Doc ref: 43009/10 • ECHR ID: 001-115544

Document date: November 29, 2012

Cited paragraphs only

THIRD SECTION

Application no. 43009/10 Khizri AKHADOV against Slovakia lodged on 19 July 2010

STATEMENT OF FACTS

1. The applicant, Mr Khizri Akhadov , is a Russian national, who was born in 1965 and lives in Žilina . He is represented before the Court b y Mr M. Škamla , a lawyer practising in Žilina .

The circumstances of the case

The facts of the case, as submitted by the applicant, may be summarised as follows.

2. On 26 June 2009 the applicant presented himself to the Asylum Authority in Gbely with the intention to apply for asylum in Slovakia . From there, he was escorted to Bratislava Department of Foreigners Police, where he arrived at round 3 p.m. Following a questioning, on the same day, the Foreigners Police decided to detain him. It was found, inter alia , that the applicant was staying in Slovakia without a valid travel document and any lawful title, and despite a previous decision to expel him from Slovakia and ban him from returning there for five years.

3. Under the order of 26 June 2009, the applicant was detained in the Medveďov detention centre.

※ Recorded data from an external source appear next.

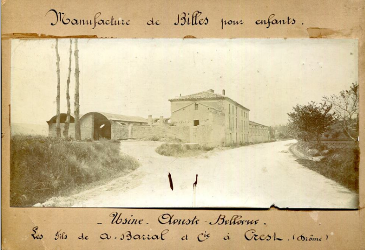 En 1920, les frères Barral ouvrent cette nouvelle usine dans les bâtiments d’un ancien moulinage de soie sur l’emplacement d’un vieux moulin à foulon desservi par le canal des moulins d’Aouste. L’usine à billes s’est installée ici afin d’ utiliser la force motrice de l’eau du canal de la Gervanne à la Sye. Ce canal servait aussi, plus loin, à l’usine textile Rey et à la papeterie Sacna-Lembacel. L énergie était fournie par une roue à aubes remplacée ultérieurement par une turbine.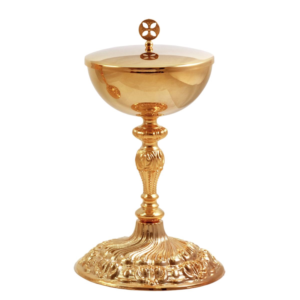 La Pisside è alta 17,5 cm. ed ha un coppa di Ø 12 cm. che può contenere fino a 150 particole.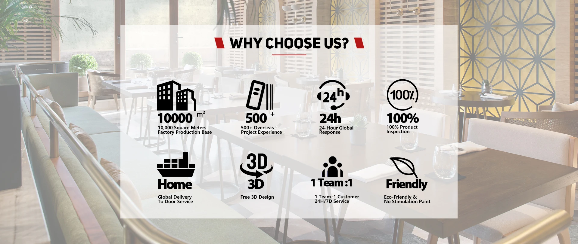 Produk utama: Furnitur restoran, furnitur Hotel, furnitur luar ruangan, furnitur Bar

4. On 13 July 2009 the applicant lodged an application with the Trnava Regional Court ( Krajský súd ) for a judicial review of the order of 26 June 2009, challenging the assessment of the fact and interpretation and application of the law by the police.

5. On 13 August 2009 the claim was dismissed on the basis of the parties ’ written pleadings as well as oral submissions at a haring, at which the applicant had been represented by a lawyer. The applicant himself had neither been present nor invited. The written version of the judgment was sent out on 27 August and served on the applicant on 7 September 2009.

6. On 2 November 2009 the applicant lodged a complaint with the Constitutional Court ( Ústavný súd ) relying on Articles 127 of the Constitution (individual complaint) and 5 § 4 (speedy review of the lawfulness of detention) of the Convention and contesting the length of the proceedings in respect of his application of 13 July 2009.

7. On 16 December 2009 the Constitutional Court declared the complaint inadmissible as being manifestly ill founded. It observed that the Regional Court had afforded the police as much as 15 days to submit observations in reply to the applicant ’ s claim and held that such a period was disproportionately long.

However, overall, the decision-making process in respect of the applicant ’ s claim had only lasted 29 days, and not 31 days, as argued by the applicant. In that respect, the Constitutional Court observed that his claim of 13 July 2009 had only reached the Regional Court on 16 July 2009, and that the applicant had constructively learned of the Regional Court ’ s judgement through the intermediary of his lawyer ri ght at the hearing of 13 August 2009, at which the lawyer had been present.

The written version of the Constitutional Court ’ s decision was served on the applicant on 21 January 2010.

COMPLAINT

8. The applicant complains under Article 5 § 4 of the Convention that the length of the proceedings in respect of his claim of 13 July 2009 had been incompatible with the requirement of a “speedy” review.

QUESTIONS TO THE PARTIES

Was the procedure by which the applicant sought to challenge the lawfulness of his detention in conformity with Article 5 § 4 of the Convention?

In particular, did the length of the proceedings in the present case, by which the applicant sought to challenge the lawfulness of his detention, comply with the “speed” requirement of that Article?